Сто лет полуночества - [8]

Шрифт
Интервал

Разноцветное стеклышко или ракушка закатятся в шлепок — это главные богатства. Это память. Она останется навсегда в душе, вместе с нежной грустью, с шепотом прибоя и шебуршанием гальки под босыми ступнями. Внезапно пробудится память от первых аккордов знакомой до одури летней мелодии, защиплет пляжной песчинкой в глазах и обожжет случайным солнцем в ноябре. Олег Лундстрем взмахнет своей волшебной дирижерской палочкой, и затихнут последние звуки. Соло на трубе виртуозно подведет черту под моим вокзальным блюзом. Плавно оборвется музыка, плавно, но неожиданно (как и началась).
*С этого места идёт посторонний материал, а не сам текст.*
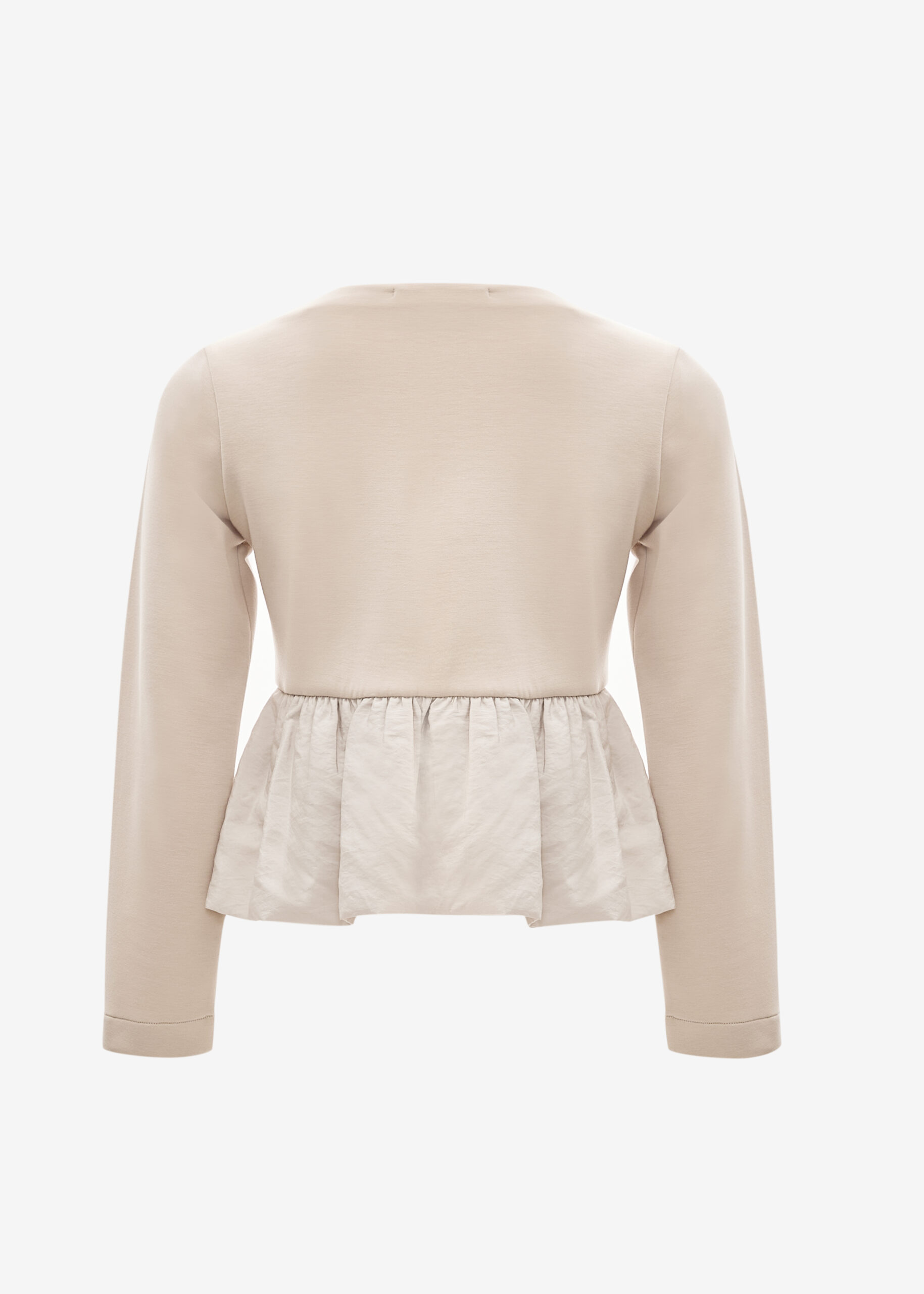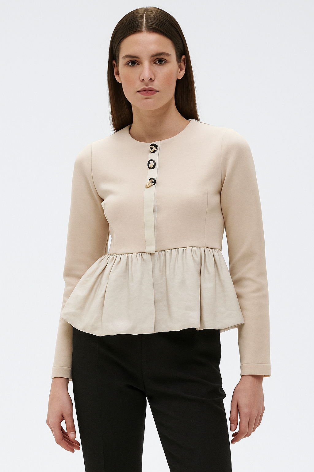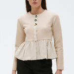 Eteği balon kumaş, üstü yumuşak modal dokulu bu düğmeli ceket-hırka; hem şık hem de sportif görünümü bir araya getirir. Vücudu saran konforlu kalıbı gün boyu rahat hareket imkânı sunarken, kaliteli düğmeleri uzun süre parlaklığını korur ve kararma yapmaz.

Автобус. И пора на посадку. Сумка! Где сумка с любимым купальником?..

Почти два с половиной часа ожидания, которое сбылось. В отличие от счастья…

Часть 6. Запах раздавленной шелковицы

Облако медленно, но верно приближалось к солнцу. И, как бы невзначай, желтый раскаленный кружок оказался накрыт прозрачной "наволочкой".

А по проселочной дороге уже никто не бродил. Трава щекотала ноги, мошки липли к губам, в воздухе разливались тишина и зной. Опять слепило глаза синее небо, яркое до неприличия, до ирреальности цвета. Это дачный сезон.

Жизнь за городом — вырванный кусок из обычной повседневности. Существование вне времени, вне пространства. Лес, река и тишина. 50 километров от города — и нет больше бешенства мегаполиса, вечной спешки, круговерти дней. Только покой. Малиновый рай да стрекот кузнечиков вместо городских шумов. Лишь иногда разрубит пополам воздух громкая песня. Донесутся с соседнего участка отголоски суеты: "Европа плю–ю-ю–с". И снова тишина. Лежа на мягкой траве, разглядываешь сквозь шелестящую листву деревьев кусочки неба. Может, это оно, счастье? И хлоп! Муравей, надоедливый нахал…

Уже осень. "Где же ты… Где же ты? ты… ты…" — шепчут губы молитву. Я расставляю в вазы бордовые дубки. И дом наполняется ароматом поздней осени цвета "бордо". Глубокий бархатный цвет — смесь крови и вина. Накатывает волной горечь об ушедшем лете, и растворяется в холодном осеннем тумане серый призрак прошлого… Где же ты?…

А по проселочной дороге уже давно никто не ходил. Трава "живая", не притоптана. И кругом такие просторы: рисовые чеки, переполненная река, зеркальное отражение в ней деревьев. И мы все идем, идем… Попутно замечая копошение лягушачьей семейки в огромной луже, и низкий полет аиста над полем, и рыбачью лодку, тихонько плывущую вниз по реке. Иногда совершаем "набеги" на усыпанные крупными ягодами коренастые деревца. Отчего ладони, губы и язык как будто в чернильных пятнах. Во всем виновата шелковица. Тутовая ягода. Здесь её можно собирать ведрами… которых у нас нет. Ни лукошка, ни кулечка. Только полные ладони ягод и переполненная счастьем душа.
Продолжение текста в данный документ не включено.